John flipped himself right side up so he could talk to her normally. "If you don't mind. Could be fun," he shrugged.
The Wolf nodded agreeably. "Alright, fire away."
"How do you take your tea?" John asked, getting into it.
"Three sugars and a bit of milk," the Wolf answered immediately.
John paused. "See, that one is different. Used to be just milk."
"Think I have a bit of a sweet tooth this go 'round."
"Alright." He thought of another one. "I'm assuming it's fair to say that Dickens is still your favorite author?"
The Wolf grinned. "Yup. Good old Charlie. Very much superior to other authors of the age – Doyle, for one."
"Charles Dickens and Arthur Conan Doyle didn't even write in the same genre, Wolf. You can't honestly compare them," John protested. "You'd have to debate – Dickens versus Hugo or something."

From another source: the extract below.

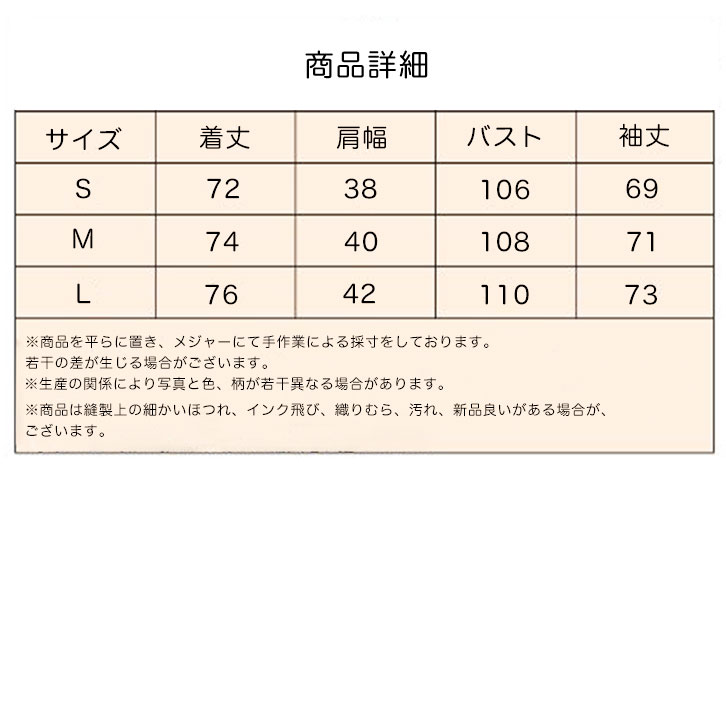 S:(約)肩幅38cm/バスト106cm/袖長69cm/着丈72cm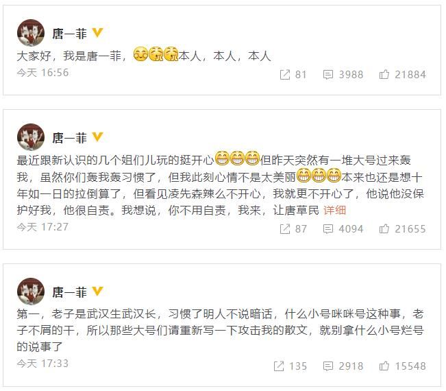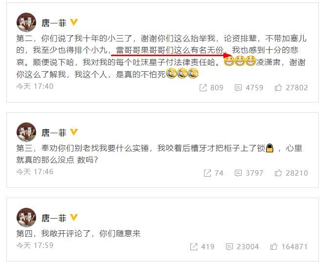 12月19日,唐一菲重新回归微博,并且连发了五条微博,不仅再次谈及遭遇网络暴力的痛苦,更怒斥外界关于她是“小三”的传闻:“谢谢你们这么抬举我”“我对我的每个吐沫星子付法律责任”,顺便还内涵了姚晨和她的绯闻对象“雷哥哥”“果哥哥”。

"Ah, Victor, good man, he was. Always looking at the small things and making them big. Like that rebellion, for instance. All of history forgot about the student rebellion except for him, and now everyone knows about it. Who's your favorite author?" she asked him.
"I'm partial to Homer," John answered.
"Homer?!" She shook her head. "Nah, never did like him much. He always went on and on for paragraphs and paragraphs about which army was led by which general and which country it came from and how many men were in each squadron and if they rode horses or marched or sailed boats," she rambled on. "Pages of it. Besides, all the 'gods' the Greeks ever worshiped were just aliens from a galaxy a few doors down anyways. Why do you think the Greeks never checked to see whether their gods actually lived on Mount Olympus? It's a very climbable hill."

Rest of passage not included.